In other words, they also belong to the 6% group mentioned above, indicating a large disconnect between them and the rest of the Vietnamese citizens who are also considered middle-class; they often describe themselves as urban “middle class” with just enough to live on. Using their position and power, this 6% group uses their lifestyle, and it turns that to fit into the common space for the nation, applying their living standard to something “basic” and “average,” which “everyone can afford.”

This group does not realize the privileges and advantages their class status bestows on them.

When the Rich Discuss Public Policy

I have a friend who calls himself an “expert” on Vietnamese policy and law who told me that to support the use of public buses, our government needs to pressure and disincentivize people from using motorbikes. He also commented that Vietnamese people don’t want to take buses because they are lazy and crave convenience.

He also gave examples of the “convenience” of using public buses and described himself as an average salaryman and a middle-class citizen. Every day, he takes the bus at 7:00 A.M. to get to work safely and efficiently. Then, he takes the bus at 5.30 P.M. to go home and spend time with his family. However, he neglects to mention that he has a stable job, a decent salary, and an unrivaled reputation with guaranteed working hours from 9 to 5, a privilege that many Vietnamese people do not have.

He neglects to mention that his family has a luxurious, fully furnished apartment in an exclusive neighborhood located only a few hundred meters from the bus stop.

He neglects to mention that his family has babysitters and helpers who take care of older people in the family when he is away.

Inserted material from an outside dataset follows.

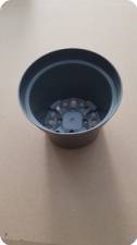 Graue Töpfe von TEKU der MCX Serie mit einem Durchmesser von 10,5 cm. Die Töpfe haben 18 Bodenlöcher und sind 8,5 cm hoch.
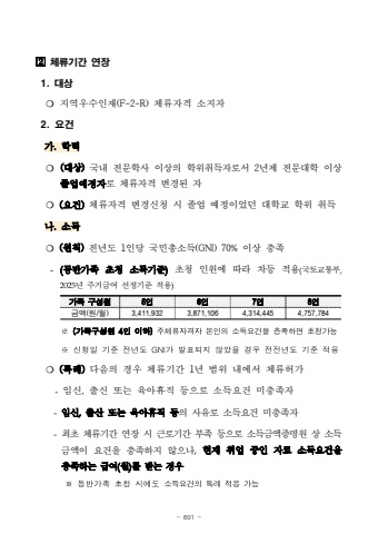 - 601 -%uf000%uccb4%ub958%uae30%uac04 %uc5f0%uc7a51. %ub300%uc0c1%u274d %uc9c0%uc5ed%uc6b0%uc218%uc778%uc7ac(F-2-R) %uccb4%ub958%uc790%uaca9 %uc18c%uc9c0%uc7902. %uc694%uac74%uac00. %ud559%ub825%u274d (%ub300%uc0c1)%uad6d%ub0b4 %uc804%ubb38%ud559%uc0ac %uc774%uc0c1%uc758 %ud559%uc704%ucde8%ub4dd%uc790%ub85c%uc11c 2%ub144%uc81c %uc804%ubb38%ub300%ud559 %uc774%uc0c1%uc878%uc5c5%uc608%uc815%uc790%ub85c %uccb4%ub958%uc790%uaca9 %ubcc0%uacbd%ub41c %uc790%u274d (%uc694%uac74)%uccb4%ub958%uc790%uaca9 %ubcc0%uacbd%uc2e0%uccad %uc2dc %uc878%uc5c5 %uc608%uc815%uc774%uc5c8%ub358 %ub300%ud559%uad50 %ud559%uc704 %ucde8%ub4dd%ub098. %uc18c%ub4dd%u274d (%uc6d0%uce59)%uc804%ub144%ub3c4 1%uc778%ub2f9 %uad6d%ubbfc%ucd1d%uc18c%ub4dd(GNI) 70% %uc774%uc0c1 %ucda9%uc871-(%ub3d9%ubc18%uac00%uc871 %ucd08%uccad %uc18c%ub4dd%uae30%uc900)%ucd08%uccad %uc778%uc6d0%uc5d0 %ub530%ub77c %ucc28%ub4f1 %uc801%uc6a9(%uad6d%ud1a0%uad50%ud1b5%ubd802025%ub144 %uc8fc%uac70%uae09%uc5ec %uc120%uc815%uae30%uc900 %uc801%uc6a9)%uac00%uc871 %uad6c%uc131%uc6d0 5%uc7786%uc7787%uc7788%uc778%uae08%uc561(%uc6d0/%uc6d4)3,411,9323,871,1064,314,4454,757,784%u203b(%uac00%uc871%uad6c%uc131%uc6d04%uc778%uc774%ud558)%uc8fc%uccb4%ub958%uc790%uaca9%uc790%ubcf8%uc778%uc758%uc18c%ub4dd%uc694%uac74%uc744%ucda9%uc871%ud558%uba74%ucd08%uccad%uac00%ub2a5%u203b%uc2e0%uccad%uc77c%uae30%uc900%uc804%ub144%ub3c4GNI%uac00%ubc1c%ud45c%ub418%uc9c0%uc54a%uc558%uc744%uacbd%uc6b0%uc804%uc804%ub144%ub3c4%uae30%uc900%uc801%uc6a9%u274d (%ud2b9%ub840)%ub2e4%uc74c%uc758 %uacbd%uc6b0 %uccb4%ub958%uae30%uac04 1%ub144 %ubc94%uc704 %ub0b4%uc5d0%uc11c %uccb4%ub958%ud5c8%uac00-%uc784%uc2e0, %ucd9c%uc2e0 %ub610%ub294 %uc721%uc544%ud734%uc9c1 %ub4f1%uc73c%ub85c %uc18c%ub4dd%uc694%uac74 %ubbf8%ucda9%uc871%uc790-%uc784%uc2e0,%ucd9c%uc0b0 %ub610%ub294 %uc721%uc544%ud734%uc9c1 %ub4f1%uc758 %uc0ac%uc720%ub85c %uc18c%ub4dd%uc694%uac74 %ubbf8%ucda9%uc871%uc790-%ucd5c%ucd08 %uccb4%ub958%uae30%uac04 %uc5f0%uc7a5 %uc2dc %uadfc%ub85c%uae30%uac04 %ubd80%uc871 %ub4f1%uc73c%ub85c %uc18c%ub4dd%uae08%uc561%uc99d%uba85%uc6d0 %uc0c1 %uc18c%ub4dd%uae08%uc561%uc774 %uc694%uac74%uc744 %ucda9%uc871%ud558%uc9c0 %uc54a%uc73c%ub098,%ud604%uc7ac %ucde8%uc5c5 %uc911%uc778 %uc790%ub85c %uc18c%ub4dd%uc694%uac74%uc744 %ucda9%uc871%ud558%ub294 %uae09%uc5ec(%uc6d4)%ub97c %ubc1b%ub294 %uacbd%uc6b0%u203b%ub3d9%ubc18%uac00%uc871%ucd08%uccad%uc2dc%uc5d0%ub3c4%uc18c%ub4dd%uc694%uac74%uc758%ud2b9%ub840%uc801%uc6a9%uac00%ub2a5

He neglects to mention that he never has to think about needing a second or third job to earn extra money for his family in the case of an emergency.

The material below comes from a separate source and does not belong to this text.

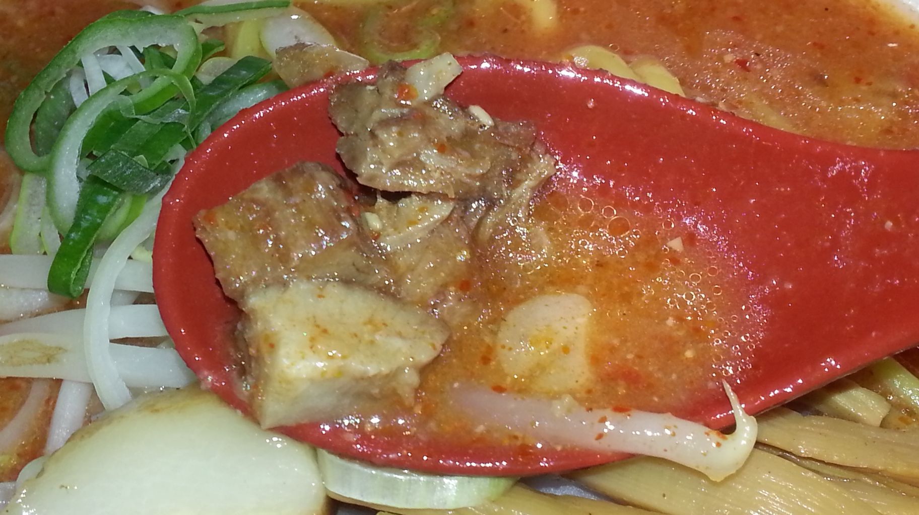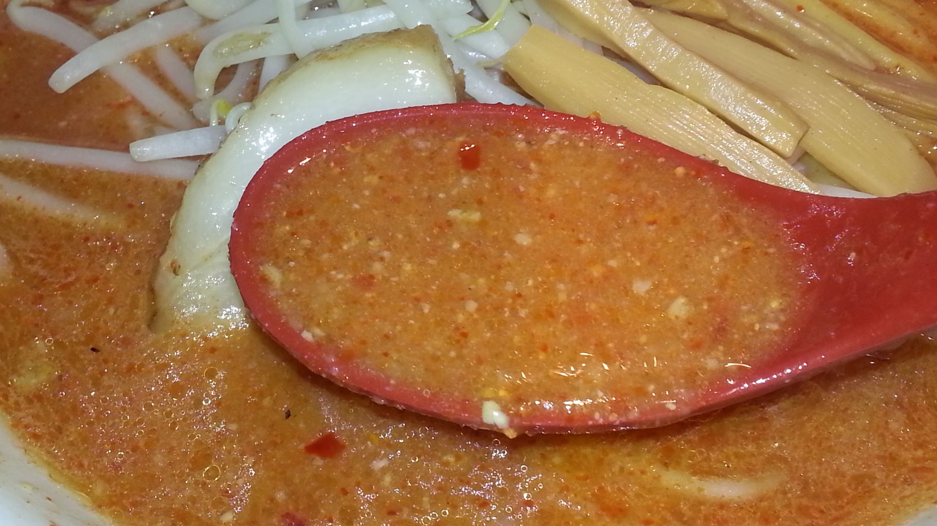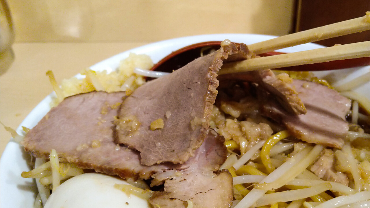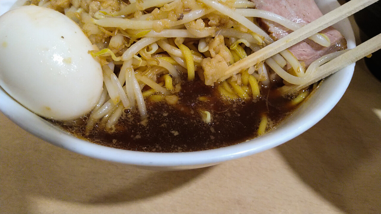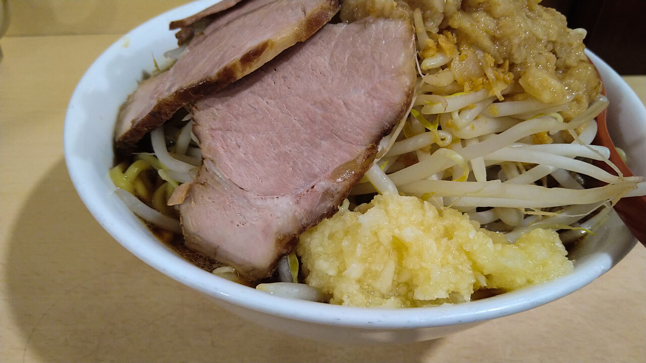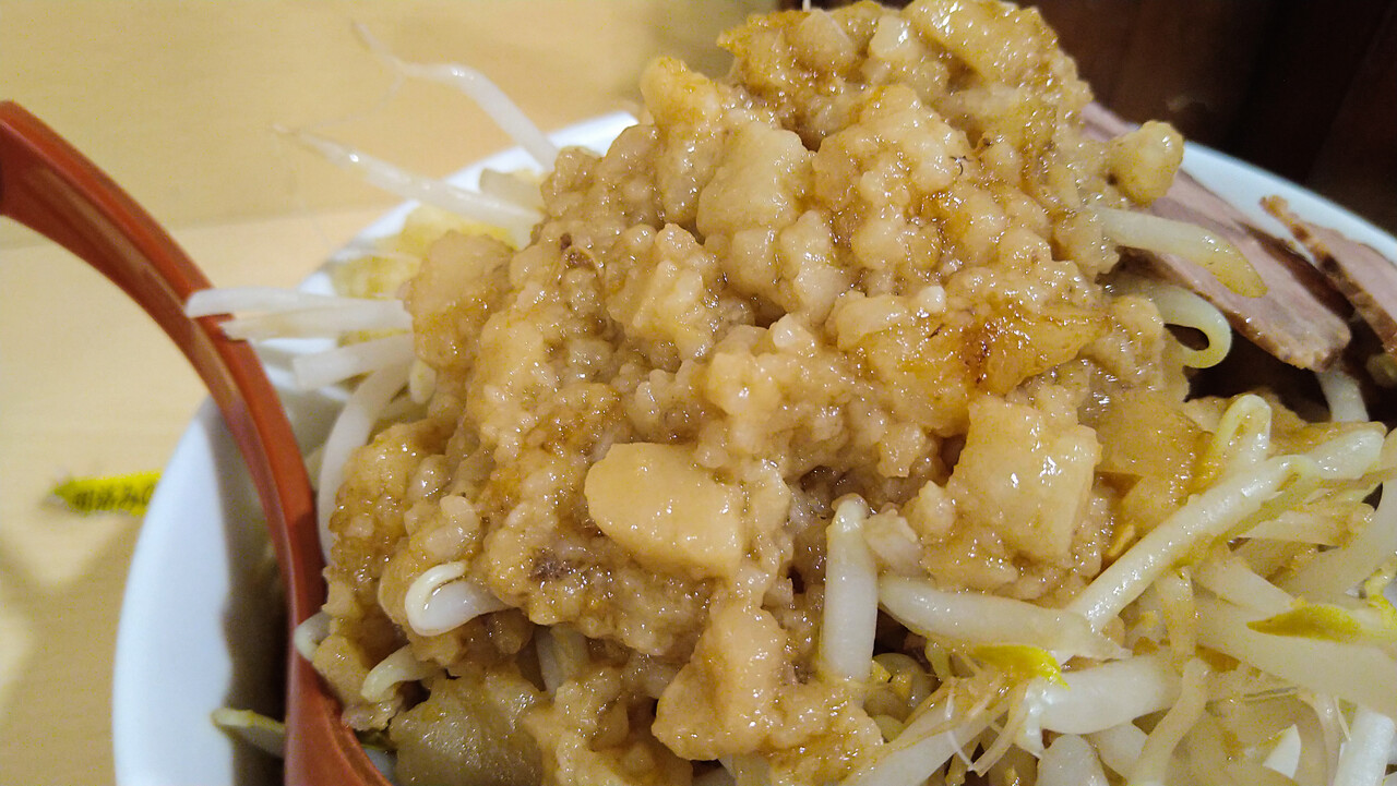 最終的に脂とニンニクが全部混ざれば、所謂そーゆーお味に不時着することは分かっていた。ただ如何せん、ニンニクがメチャ辛い。いや、辛過ぎる!品種なのか切り方なのか、[田田]のニンニクを彷彿させる激辛タイプだった。コレ、ぶっちゃけ「チョット」でよかったよ💦💦
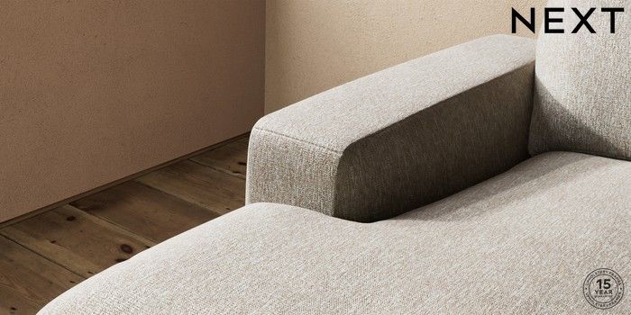 7.2.10 Houghton Deep Relaxed Sit Medium Sofa Chaise - Left Hand Cotswold Chenille Mid Mink Brown Large Square Angle - Brushed Brass | Made Click here to use our website with more accessibility support, for example screen readers

He neglects to mention that on weekends or holidays, his family safely travels in a car, safe from the scorching heat of the sun and the torrents of rain.

Knowing this, it is easy to understand why he believes he does not need a cheap two-wheel motorbike.

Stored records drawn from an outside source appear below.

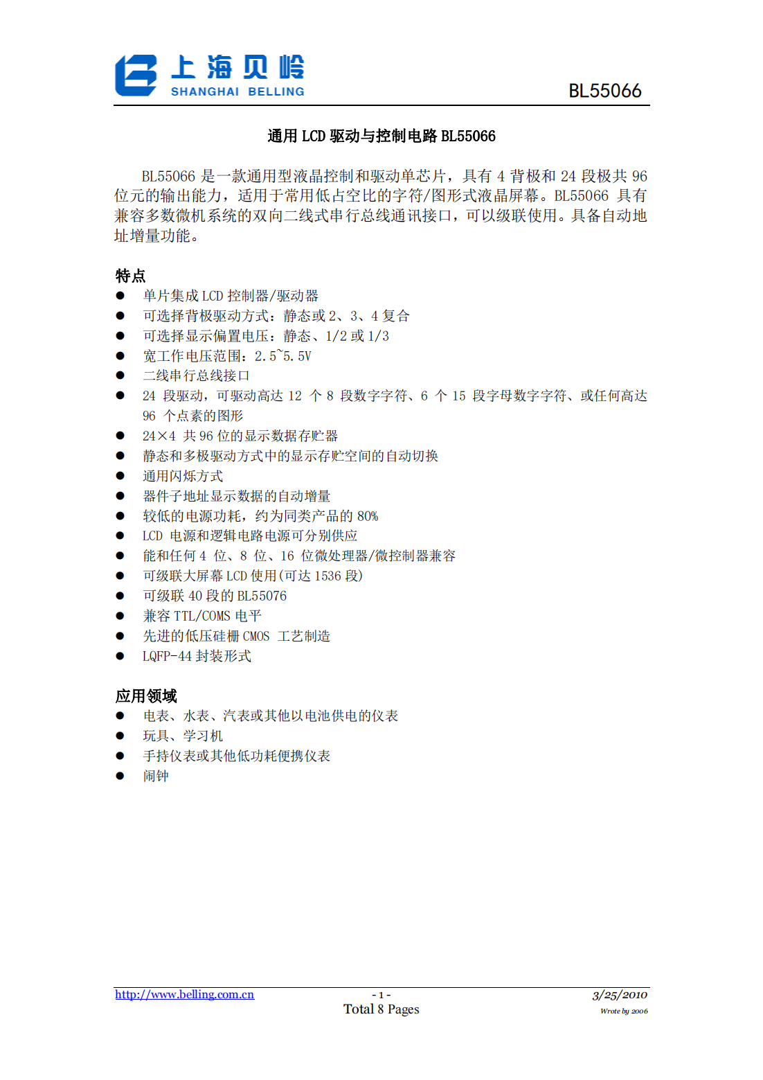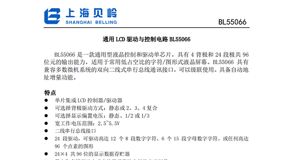 BL55066是一款通用型液晶控制和驱动单芯片,具有4背极和24段极共96位元的输出能力,适用于常用低占空比的字符/图形式液晶屏幕。BL55066具有兼容多数微机系统的双向二线式串行总线通讯接口,可以级联使用。具备自动地址增量功能。
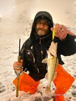Настоящий рыбак!Решил вчера сходить после работы на МР. Пару коробок с воблерами в рюкзак и на речку. За три часа ни поклевки но промок хорошо. То снег, то дождь. Итог ОП.
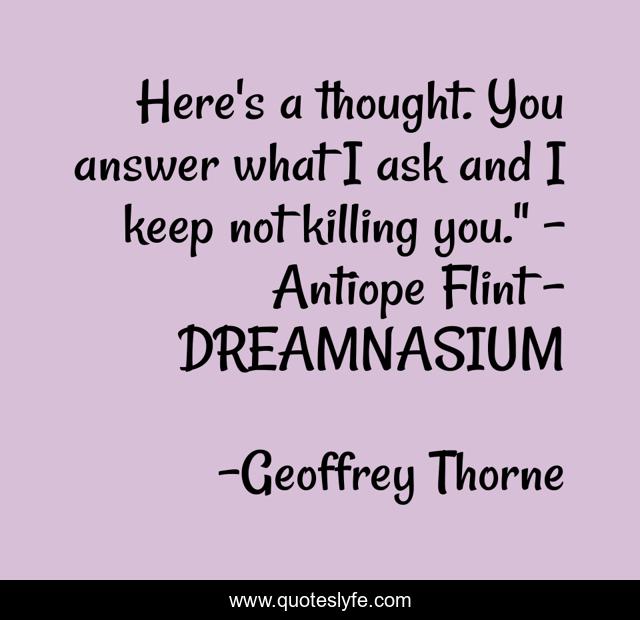 This page presents the quote "Here's a thought. You answer what I ask and I keep not killing you." - Antiope Flint - DREAMNASIUM". Author of this quote is Geoffrey Thorne. This quote is about action, fantasy, pulp-fiction, science-fiction,.
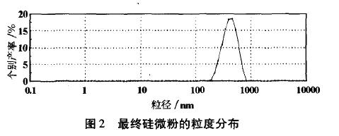 由表1可知,粉磨6 h后硅微粉的中位径,) 。是32.50 m。由表2可看出,粉磨6 h后硅微粉的粒径是43.9 m时的微分分布***,是7.17% ;***粒径是169.0 m,对应的微分分布为1.07%。

He also neglects to mention that families of migrant workers, provincial students, and low-income people, who comprise the vast majority of Vietnam’s population, do not have any of his special privileges.

Poor bus quality, limited routes, and inefficient running hours have become a bureaucratic monstrosity, so many Vietnamese citizens do not understand the government's desperate approach to making Vietnam's environment and urban landscapes more efficient.

Most Vietnamese people do not hate public buses because of political ideologies. They hate them because the mindset of “banning motorbikes” and “buses must be the future” fails to consider the difficult reality of their daily lives.

Despite all the privileges, my “expert” friend still considers himself middle-class.


With the dominance of affluent groups in mainstream media, social media, and advertising, and the trend of making everything an “essential, middle-class” thing, it is not surprising that in the future, the actual life of Vietnamese workers will become increasingly faceless, as described by Mantsios.

The poor and most ordinary workers face the reality that they will soon become a “minority” where many other “experts" will classify them as the examples of those who are “not trying” in life, or disregarding them as they do not even “exist.”

This mindset could be the origin of the illusion of prosperity of the middle class in Vietnam.

Tan Trung Nguyen wrote this article in Vietnamese, which was published in Luat Khoa Magazine on May 22, 2023. Dat Le translated the article into English.


  1. Mantsios, Gregory (2007), “Media Magic: Making Class Invisible” in Race, Class and Gender in the United States, 7th ed., Rothenberg Paula S., ed. New York, NY: Worth Publishers, 636–44.
  2. Paulson, E. L., & O’Guinn, T. C. (2018). Marketing Social Class and Ideology in Post-World-War-Two American Print Advertising. Journal of Macromarketing, 38(1), 7–28.
  3. Reeves, R. V., Guyot, K., & Krause, E. (2018, May 7). Defining the middle class: Cash, credentials, or culture? Brookings; Brookings.
  4. Most Vietnamese think they belong to ‘middle class.’ (n.d.). VietNamNet News.
  5. Burrage, R. (2023, April 12). Vietnam economic class and rising affluence. Market Research Vietnam Indonesia.